First the Basics: LDN 101

"LDN" (low dose naltrexone) is an "alternative" medication used with surprising success in treating immune disorders, both autoimmune and immune deficient. Taken orally at bedtime, LDN works by briefly blocking opiate receptors, thereby "tricking" the body into increasing endorphin production. Endorphins being a central part of the immune system, increasing their production has been shown to help correct immune defects.

6/9/09

New Symptom; "Phantom Heat"

There's actual heat and there's "phantom" heat; most of Texas is dealing with actual heat.
It's not even Summer yet, but it's been hotter than usual (for June anyway) this year, and "usual" is no picnic in Central Texas.

For most of this month, the high temperatures here in Austin have hit 99 or 100 degrees, with little if any breeze or chance of rain. It's early for this level of heat, and it's scary for everybody, not just farmers. At this rate, we'll have highs of 115 for most of August!

I pretty much just hide out in the air conditioning from May through early October; Claude and I go for "walkies" for about an hour early in the morning, but some days it's too warm for me at 7am.

Things might start to cool off in about three and a half months...

Seriously, if I could afford to travel, and if my spine was up to it, I would so be in Canada! I've never been there, but my Dad and his brothers used to go to summer camp in Nova Scotia; he said they had to start every day with a brisk nude swim in the icy cold Bay of Fundy, which remains around 43 degrees F year around.

That sounds really good right now. This time of year, popsicles and ice cream are my main food group and my only defense.

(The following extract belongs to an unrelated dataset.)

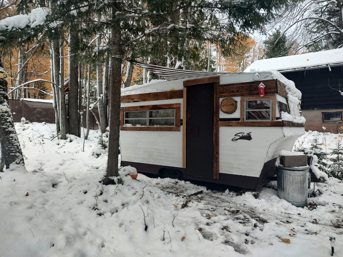 An outdoor enthusiasts dream awaits at Rockhound Hideaway's Sodalite Shasta with opportunities for snowshoeing, skiing, hiking, and ending the day with a steamy sauna. This off grid, cozy 14' trailer is situated on a two acre lot with two other rentals and my full time residence on the edge of the Ottawa National Forest. A short walk to Black River Harbor, the North Country Trail & Lake Superior, this is a perfect getaway for those seeking a rustic yet comfortable stay with a campy feel.
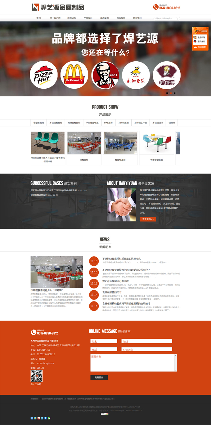 蘇州焊藝源金屬制品有限公司是一家生產(chǎn)和批發(fā)食堂餐桌椅,快餐桌椅,飯桌飯店餐桌,不銹鋼餐桌椅,肯德基餐桌椅,不銹鋼茶幾,不銹鋼文件柜,員工儲物柜,廚房水槽,蘇州肯德基餐桌椅-家用餐桌椅等的公司。服務(wù)于肯德基、麥當(dāng)勞、必勝客、老娘舅、德克士、永和豆?jié){、阿香米線、餡餅粥、英雄煮等一些大型快餐連鎖機(jī)構(gòu)。

Anyway, to compliment the Hellish weather, I've developed a new sensory symptom that leans into the heat - it feels like there's an invisible heating pad on my right upper back and on the outside of my lower right leg; phantom heat. (Why couldn't this have happened in January?).


Seriously, it feels like heat is radiating both onto and from those areas, but of course the skin actually feels normal to the touch. All this phantom warmth might have been welcome during the Winter, but right now I could do without it.


Still, as sensory symptoms go, it's nothing. I mean, it definitely beats pain, burning, or itching, so I'm really not complainin', just sayin'.